There are serious issues such as solvency, security, liquidity and capitalisation. What we discussed today was just part of that and we all want to be positive about this. However, we also all want to see some evidence somewhere of an admission that the phrase used by the Minister has some meaning. From what I heard this morning, the Minister said the model has changed. Where is the evidence that the model has changed? We are dealing with the same people. The Minister is not crucially changing their decision-making practices. There is no evidence that he is changing their attitude to capitalisation. He has no evidence that they are removing themselves from their addiction to virtual, bogus, speculative financial products and turning to what the Minister idealistically describes, and I agree with him, as the "real economy". The Minister is responsible for the real economy. After yesterday's changes, he will be paying for the unemployment. He will have to deliver what he said he would, this medicine everybody has to take, as the media likes to help him to explain.

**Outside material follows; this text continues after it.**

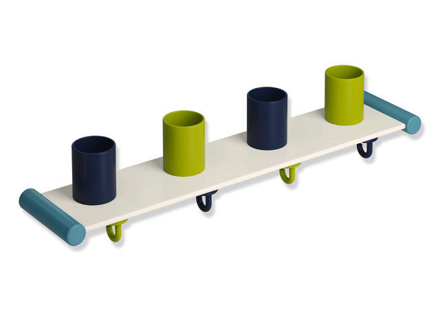 HEWI Zahnputzbecherleiste mit Handtuchhaken, matt, 4 Plätze, apfelgrün K20586731

I find an extraordinary arrogance in the Irish banking sector. There is an inability on the part of the Financial Regulator to admit he was wrong. There is an inability in the Central Bank to suggest it ever drew attention to such statutory measures as were urgently necessary to try to insulate the economy from the international madness. It is interesting that the Minister gives the game away for them in the middle of his speech. Instead of using the word "crisis" he takes their word, "disturbance", which he uses more than once in his speech. This is just a disturbance. The Minister offers a guarantee, paid for by the taxpayer, which I would describe as solid and written in steel.

The Minister states, "The State is unconditionally and irrevocably guaranteeing the current liabilities of the participating institutions until 29 September 2010." However, when he comes to provide the guarantee for the public, who are asking where is the return to the real economy with such capitalisation as will take capital projects in the public realm that have high employment content and will assist ordinary people, he goes all soft. It is not there. When the Minister comes to the one or two directors whom he "may", not "must", appoint, he refuses to say whether they will be among 15 other directors. They will be non-executive directors, hurlers on the ditch. He does not say how they will influence the decision-making of any banking process, and yet he describes a change of culture.

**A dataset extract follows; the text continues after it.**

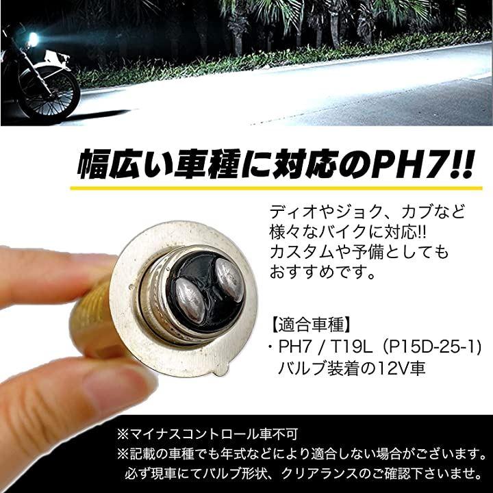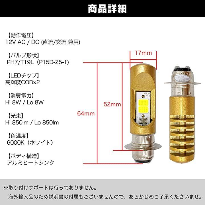 ・「仕様」 *電圧:12V AC / DC (直流/交流) *バルブ形状: PH7 / T19L(P15D-25-1) *LEDチップ:高輝度COBチップx2 *消費電力:Hi 8W / Lo 8W *光束:Hi 850lm / Lo 850lm *色温度: 6000K(ホワイト) *ボディ構造:アルミヒートシンク *サイズ : 64mmx17mm

On page 45, having looked over the water, the officials in the Department of Finance decided they must say something about corporate social responsibility. How will this be achieved? I would like to hear the Minister say the people who have brought us to this point, the Irish Banking Federation, must make some admission, not that there was a "disturbance", so that we can remember what they did. At times the Minister spoke about light regulation. He must remember what the model was. The model said regulation slows one down, is a burden and, as my colleague, Deputy Burton, has just said, stands in the way of the new, glittery, Irish rich becoming billionaires.

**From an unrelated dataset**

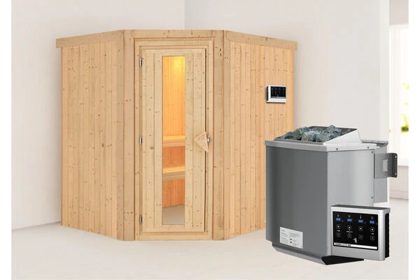 Sauna Siirin aus Fichtenholz mit Eckeinstieg und Energiespartür in verschiedenen Ausführungen von KARIBU

I am glad of all the assurances on solvency, security and liquidity, if they are real, and I hope they are. However, I have doubts on the source from which they come, the Financial Regulator. It is time the Minister admitted the model was wrong. The model brought the world to its knees at a time of hunger. The model was wrong in Ireland and brought disastrous effects throughout Irish society. The public has no interest in providing a guarantee for more of the same. It is over. They want to hear the Minister say it is over, and they want real representation in the banks, not puppets. They want those who brought us to this disaster and the poverty of all the cuts the Minister announced yesterday to come out and say they followed a model that brought us misery. There is no sign of any of that. We are not here to solve some disturbance in a racket. We are here as parliamentarians to give voice to the people's right to an accountable, fair and sustainable banking system.